Repeat only what runs from the line with "根據(jù)實(shí)際空" through the last line of the data below, both included, keeping every word as it is and leaving out the pictures.
** Opening Supplied material block **
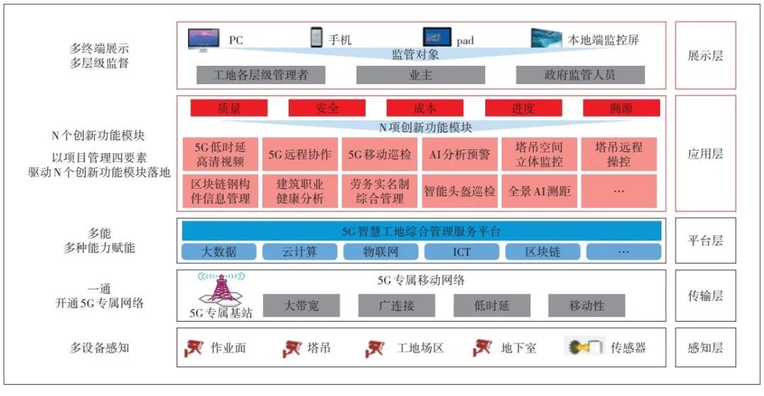 随着 5G 和 MEC 技术的快速发展,利用新技术打造智慧工地系统已成为建筑行业提升项目管理水平的重要手段。探索信息化管理手段在工地管理中的新应用,通过新型智慧化解决方案,可实现工地管理中人、机、料、法、环等要素提升,提高智慧化管理水平,大大降低安全事故态势。主要探究如何运用 5G、MEC 和视频等新兴信息技术,结合工地痛点需求,探索新型智慧工地的应用,为工地安全保驾护航。
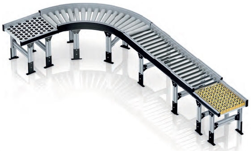 根據(jù)實(shí)際空間位置,滾筒輸送線設(shè)計(jì)了一個(gè)90°的彎道滾筒輸送線結(jié)構(gòu)。而對于彎道滾筒輸送線的動(dòng)力驅(qū)動(dòng),決定應(yīng)用將電機(jī)和減速器共同置于輥筒體內(nèi)部的新型驅(qū)動(dòng)裝置——電動(dòng)滾筒。為了形成滾筒彎道,設(shè)計(jì)時(shí)采用錐形電動(dòng)滾筒。
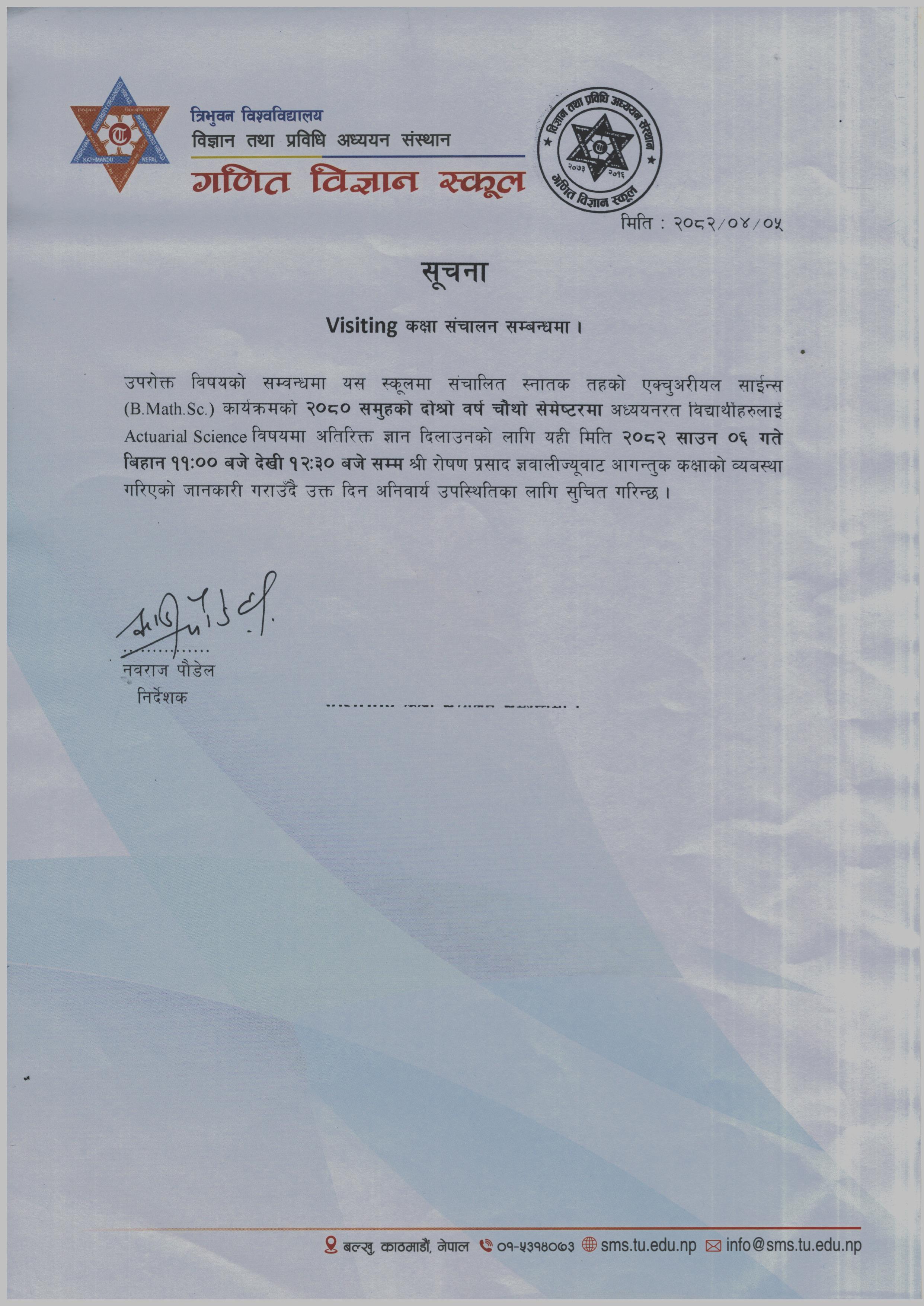 स्नातक तह B.Math.Sc. कार्यक्रम चौथो सेमेष्टरको Visiting कक्षा सम्बन्धि सुचना २०८२
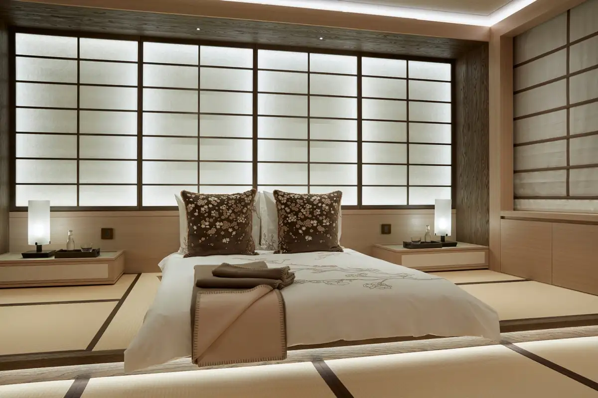 Your suite is a truly stunning space. From the forward-facing, king-sized bed, you'll enjoy breathtaking panoramic views, and the overhead skylight allows you to fall asleep beneath the stars. Your guests will be equally spoiled with a selection of beautifully designed suites, including an oriental-inspired suite featuring a low bed and traditional shoji screens.
** Closing Supplied material block **
Solved problem.
 根據(jù)實(shí)際空間位置,滾筒輸送線設(shè)計(jì)了一個(gè)90°的彎道滾筒輸送線結(jié)構(gòu)。而對于彎道滾筒輸送線的動(dòng)力驅(qū)動(dòng),決定應(yīng)用將電機(jī)和減速器共同置于輥筒體內(nèi)部的新型驅(qū)動(dòng)裝置——電動(dòng)滾筒。為了形成滾筒彎道,設(shè)計(jì)時(shí)采用錐形電動(dòng)滾筒。
 स्नातक तह B.Math.Sc. कार्यक्रम चौथो सेमेष्टरको Visiting कक्षा सम्बन्धि सुचना २०८२
 Your suite is a truly stunning space. From the forward-facing, king-sized bed, you'll enjoy breathtaking panoramic views, and the overhead skylight allows you to fall asleep beneath the stars. Your guests will be equally spoiled with a selection of beautifully designed suites, including an oriental-inspired suite featuring a low bed and traditional shoji screens.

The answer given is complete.